Every (Interweave Knits Spring 2007) Change is Yoga

My lovely Interweave Knits, what has happened to thee?

I was just getting over the news that Yoga Journal has been sucked into the maelstrom of women's fashion magazines, since its purchase by Redbook. I still have a subscription, which comes as a freebie with the yoga insurance that I purchase through a California health and fitness insurance company. But they lost me when they added a fashion section, weight-loss articles, and spa treatments in a higher proportion than yoga articles. The magazine arrives in the mailbox and now travels almost directly to the recycling bin. Now poor little Knits is taking on the appearance of every other knitting-fashion magazine on the market.

Didn't you appreciate the calm of this magazine? Nothing flashy in the way of typeface or layouts. Good, large, clear pictures of the designs, on models close enough to real women but beautiful enough to make you want to spend some time with their make-up person or stylist. Consistency in presentation, tone, lay-out. Real settings. Cafes, coffee shops, sidewalks, but in some romantic, seaside-ish place, where you could imagine having time enough to knit, wander, sip a cup of tea and watch the waves break on the beach.

And one design, one designer, one pattern per page.
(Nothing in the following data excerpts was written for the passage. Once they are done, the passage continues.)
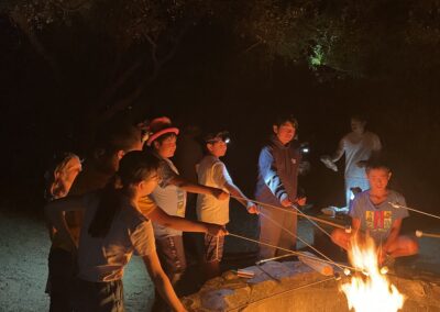 夜にはキャンプファイヤーや野外クッキングを楽しみながら、仲間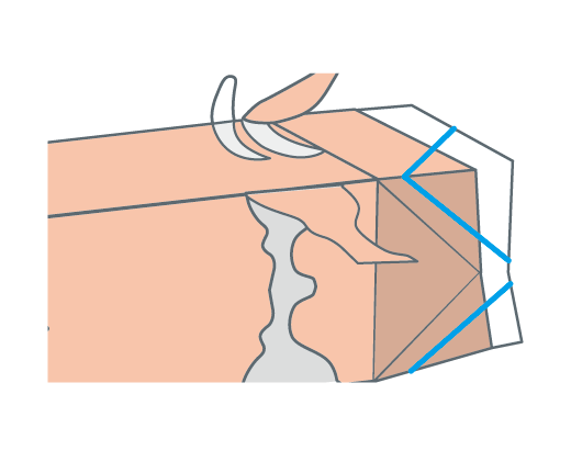 図のように、屋根(やね)の部分を切ります。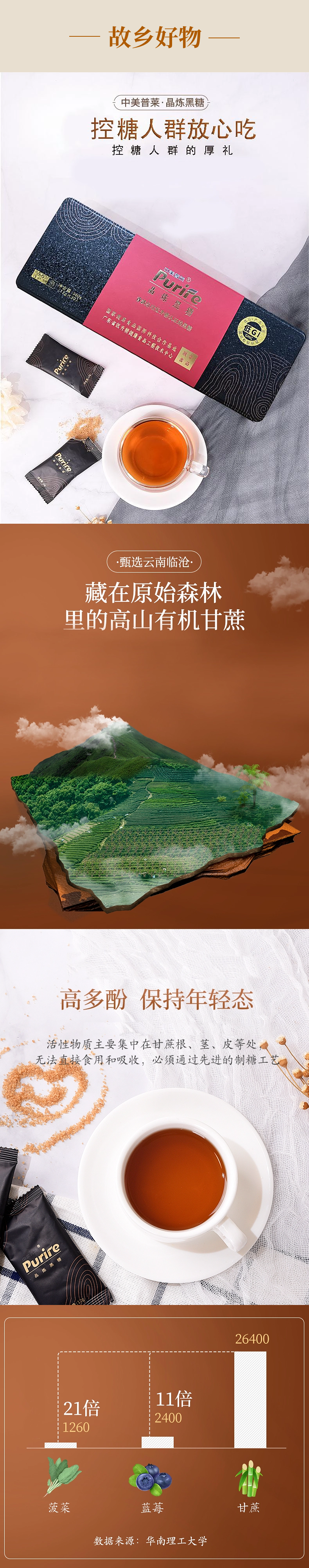 故乡好物 | 低GI晶炼工艺食用黑糖--礼盒装低钾低钠营养低升黑糖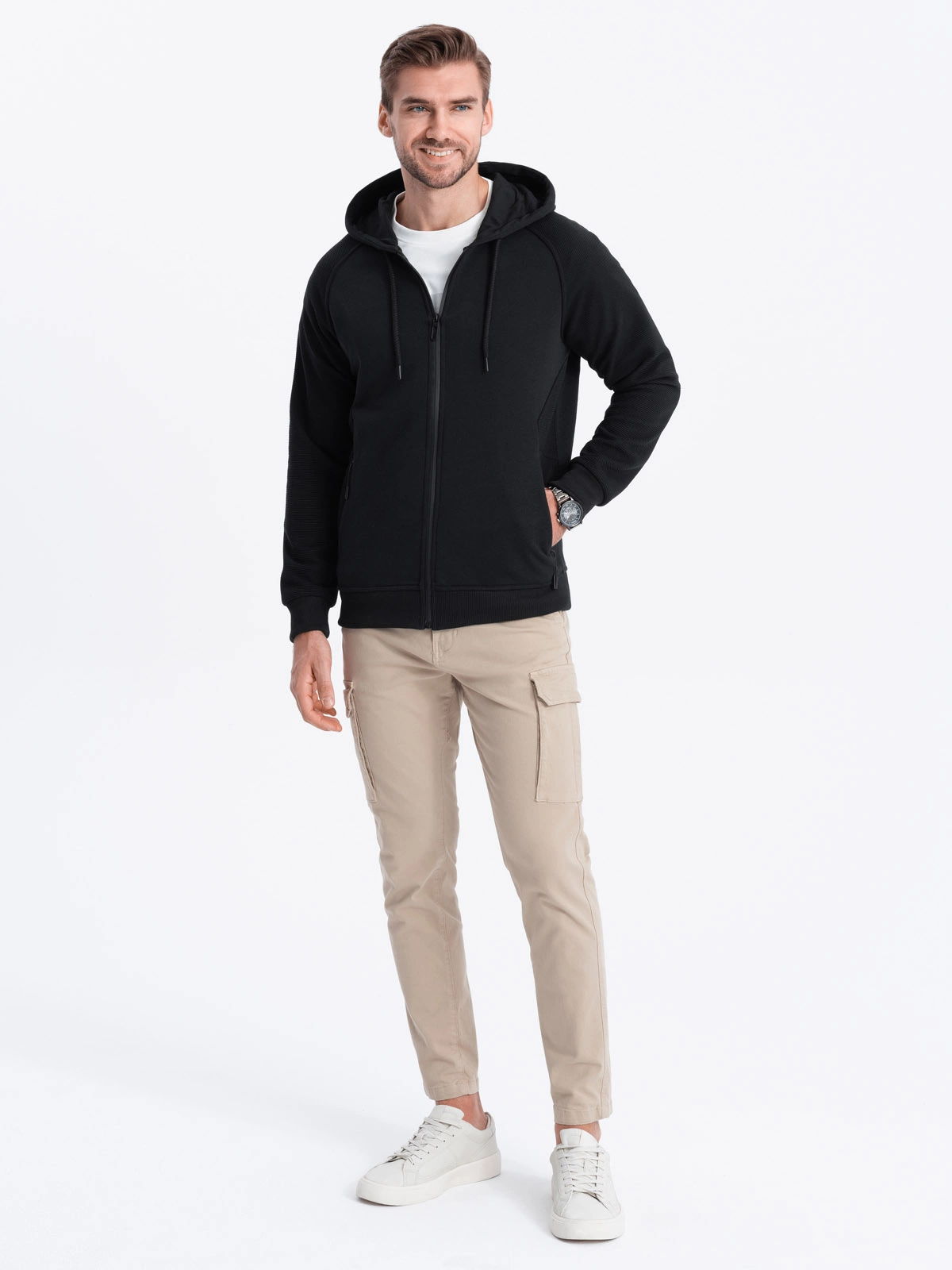 Men's unbuttoned hooded sweatshirt - black V5 OM-SSZP-0124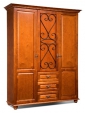 Набор мебели для спальни «Глория 8» изготовлен из массива березы в сочетании с элементами шпонированной ДСП и декоративными коваными элементами. Отделка выполнена нитроцеллюлозными красителями. Цвет мебели только в одном тоне.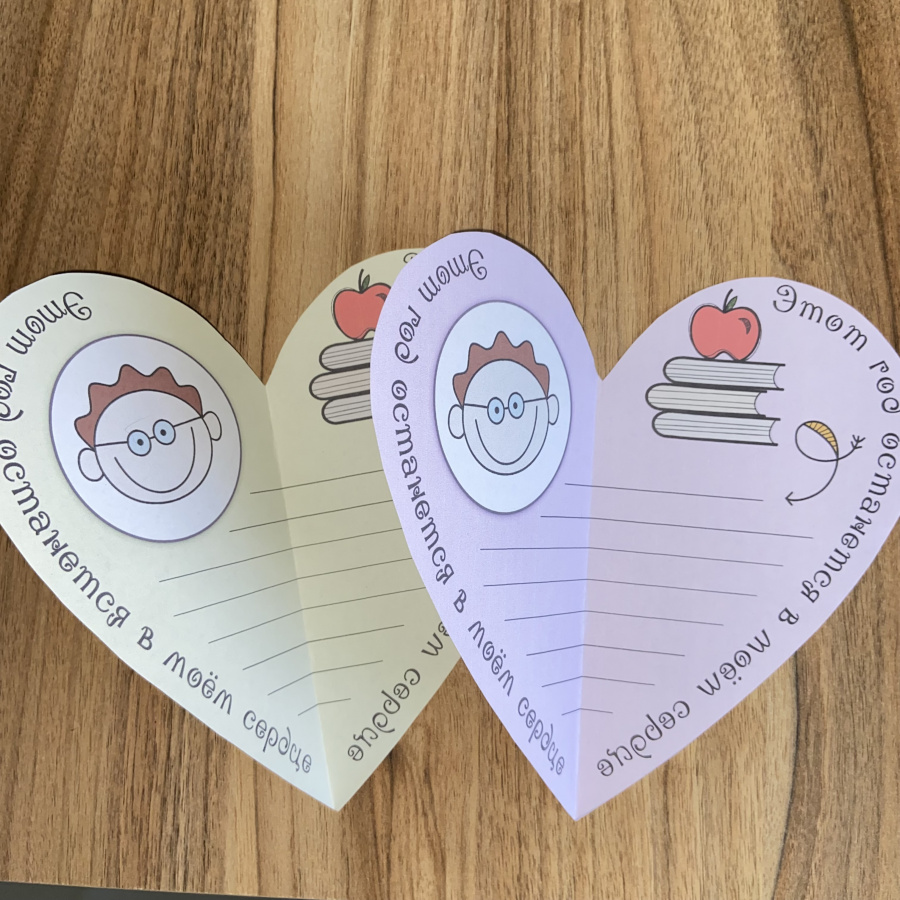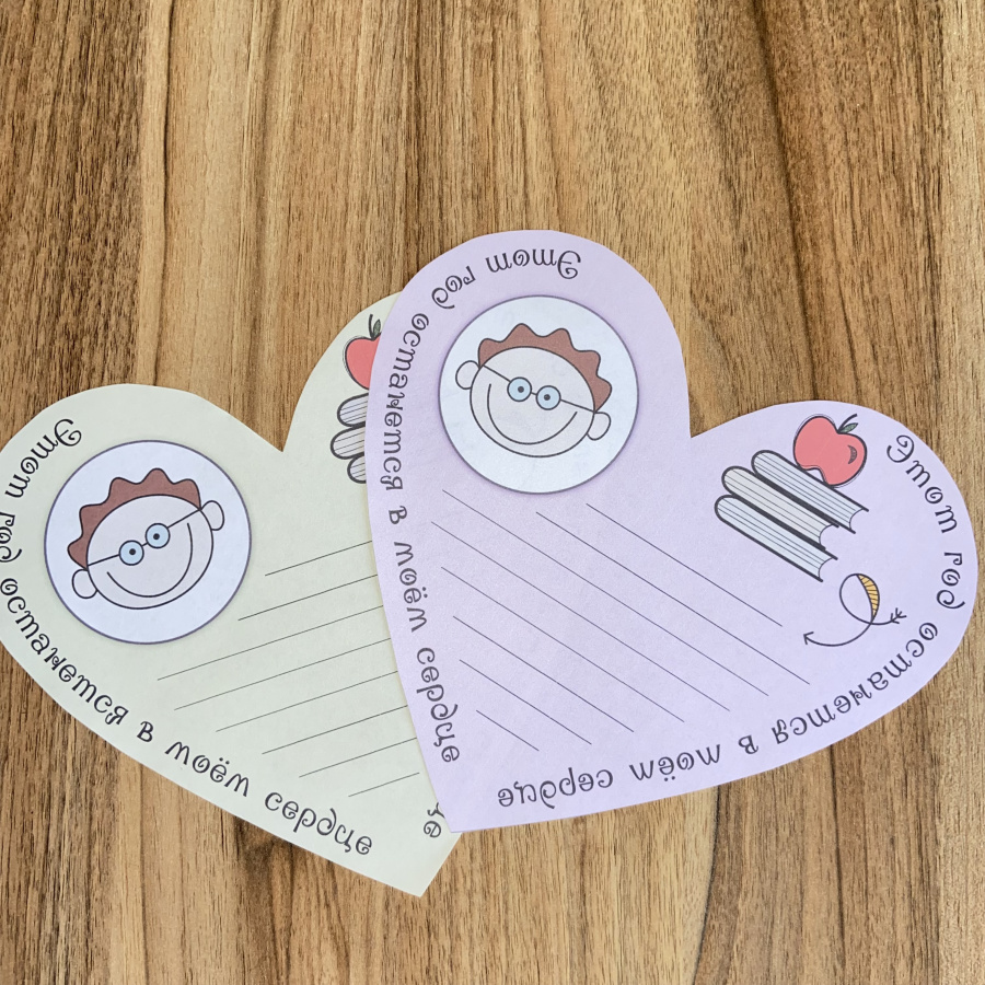Завершить учебный год, который стал путешествием к знаниям, можно ярко и необычно. Используйте воздушный шар-дисплей, на который Ваши ученики смогут прикрепить сердца с впечатлениями об учебном годе, которые останутся в их памяти и сердце. Шаблоны в форме сердца с надписью "Наш класс останется в моём сердце" и "Этот год останется в моём сердце" подойдут для итогового мероприятия в конце учебного года, в том числе и в выпускных классах. Если кто-то из учеников уходит из класса, то можно подарить ему эти сердца на память. А если с классом прощается учитель, то это будет прекрасная память о ребятах из класса.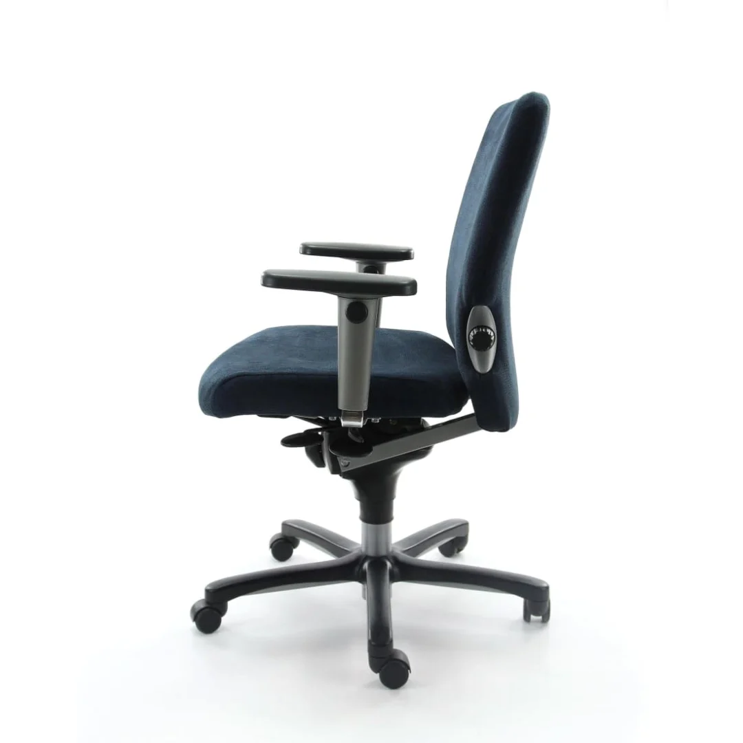 Comfortabele bureaustoel voor langdurig zitten; goede ondersteuning, verstelbaar. Bekleding minder ademend. Geschikt voor thuis- en kantoorgebruik.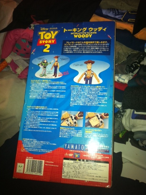 I have a Thinkway Toy Story 2 Interactive talking Woody, the entire box is in what seems to be Japanese writing, and is supposed to communicate with Buzz through infrared, I have never been able to locate this item on Ebay and am looking for further info and possible value. The back of the Box says Thinkway and Yamato, any ideas?

Large, lucid pictures. Often, a pattern that fit onto two pages. Easy to read, easy to follow. And once you finished gazing at that design, reading through its instructions, deciding whether to place it in the mental to-do category or on the not-me list, you could go on to the next pattern with a clear mind. No distracting advertisements, no competing pictures of other designs jostling for attention. A mindful experience of reading a knitting magazine.

At first glance, the Spring 2007 issue seems so much more a cousin to every other knitting magazine, with themed lay outs and patterns relegated to the back of the book. I'm prepared to back down on this. I've only skimmed the magazine, as I was on an afternoon escape out of the house, going to sit at a coffee shop and read The Heart of Yoga. I'm more than willing to take a closer look. And I did love the designs. Is it possible that I'm becoming a groupie? But, as Fig and Plum notes, Must. Make. Bonsai.


And I love the look of Wenlan Chia's incredible piece, and could imagine knitting it for someone.

And even the knitted thong, that is sure to become the darling of all internet chatter on knitting blogs, intrigued me, mainly as concept rather than execution. You gotta hand it to someone who knits a lace thong, then displays it for the world to see.

But, oh, I did love the quiet focus of the old design. "Every change is yoga," says Desikachar in The Heart of Yoga, meaning that everything, everywhere, changes. And when we manage to accept the change, we are doing yoga, in the sense that we're finding ourselves someplace new, someplace where we couldn't have expected to be. You could be touching your toes, or learning to accept the design of your favorite knitting magazine.